Can Leo learn from the context to spell someone's name correctly?

Homoeopathy is the subject of two letters that Leo transcribed for me. In the first letter, homoeopathy and related words are all spelled correctly, but Hahnemann, who even Google’s often-clueless AI bot recognizes as the founder of homoeopathy, shows up as Kuhnemann and Nahmemann. In the next letter it’s Nahnemann, while homoeopathy is again usually spelled correctly (although in one case someone is identified as a “hauncopathist”). Perhaps Leo could be taught to figure out that a name ending “ahnemann” in a letter filled with homoeopathy references starts with H? (I assume this is generalizable to other relauively famous people). A realted question, regarding “hauncopathist”: can you help Leo get better at scanning other words in a document to find a match, when the word it came up with isn’t a word? This happened in a different letter where “sensuous” was transcribed correctly at the top of the page but came out as “ruminous” later in the document.

I see what you mean about Hahnemann/ Kuhnemann/ Nahmemann. I think the fundamental problem here is that Leo isn’t familiar with the way that e.g. H (in Hahnemann) and s/e (in sensuous) are written in this handwriting style. Our aim is to teach the model by showing it more examples of correct transcripts.

An alternative approach would be to “clean” the transcript afterwards, e.g. by plugging the raw transcript into an LLM and asking it to make conjectural corrections, based on its knowledge about the world, of homeopathy and everything else.
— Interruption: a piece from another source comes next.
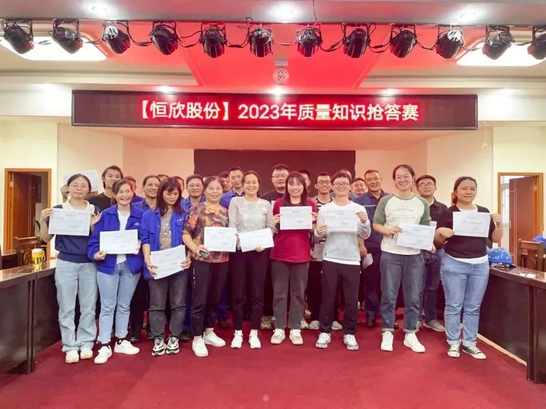 為活躍公司質量文化氛圍,增強全員質量意識,9月23日下午,【恒欣股份】舉辦了2023年度質量知識搶答賽活動,由質量總監(jiān)段杰圓主持。
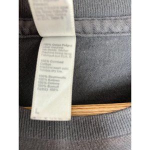 In good condition but does show wear, fading. Has some marks towards top at front and bottom. Maybe from sitting on a hanger so long? Not sure. Still a cool shirt. Tag says Large but looks to be on the smaller side maybe more like a medium.

The issue with this approach is that it is liable to overcorrection. If a letter writer makes a mistake or even uses a non-standard word, we want to provide the user with an accurate transcription that preserves that mistake rather than removing it, if you see what I mean.

Yes, I absolutely see that – my letter-writer is also not a perfect speller, and I find myself wondering if Leo is making “silent edits” without my being aware of it (since I typically only catch Leo’s mistakes via spell-checking or just eye-balling the transcript). For instance: my guy spelled “Brobdingnagian” Brobdignaggian, and Leo’s version was “Probbdignaggian.” There’s probably no perfect solution here.

I guess what I was getting at, though, is that you might be able to train Leo to search within a document for contextual clues when he runs into a word where the transcription is not a word (e.g. ruminous), since words tend to reappear in the same document; or, assuming he got Hahnemann right once, he might be able to make the homoeopathy connection and correct the ones he got wrong…

I definitely think using more context clues, both from other images in the same document and from item-level metadata as you suggested elsewhere, is very smart and I’ll talk to Jack about how we can do it. One challenge is that it’d be more expensive due to extra GPU time, so maybe we’d need to introduce some kind of supercharged transcription setting (like ChatGPT’s “Deep Research”) that costs a little extra.

A couple of other points:

  • We plan to highlight token-level confidence scores to assist users in reviewing transcripts. So if Leo isn’t sure about “Probbdignaggian”, that’ll be highlighted for review. @Laura_Nelson helpfully suggested this a while ago here.
  • Something else that we’re currently working on, which would address this issue for larger datasets, is the ability for users to fine-tune Leo by correcting transcriptions. The current plan depends on users correcting whole transcripts, as explained below. But ideally in the future Leo would also learn from single-word/ smaller corrections too.

This feedback is really helpful for us to think through these problems so thank you!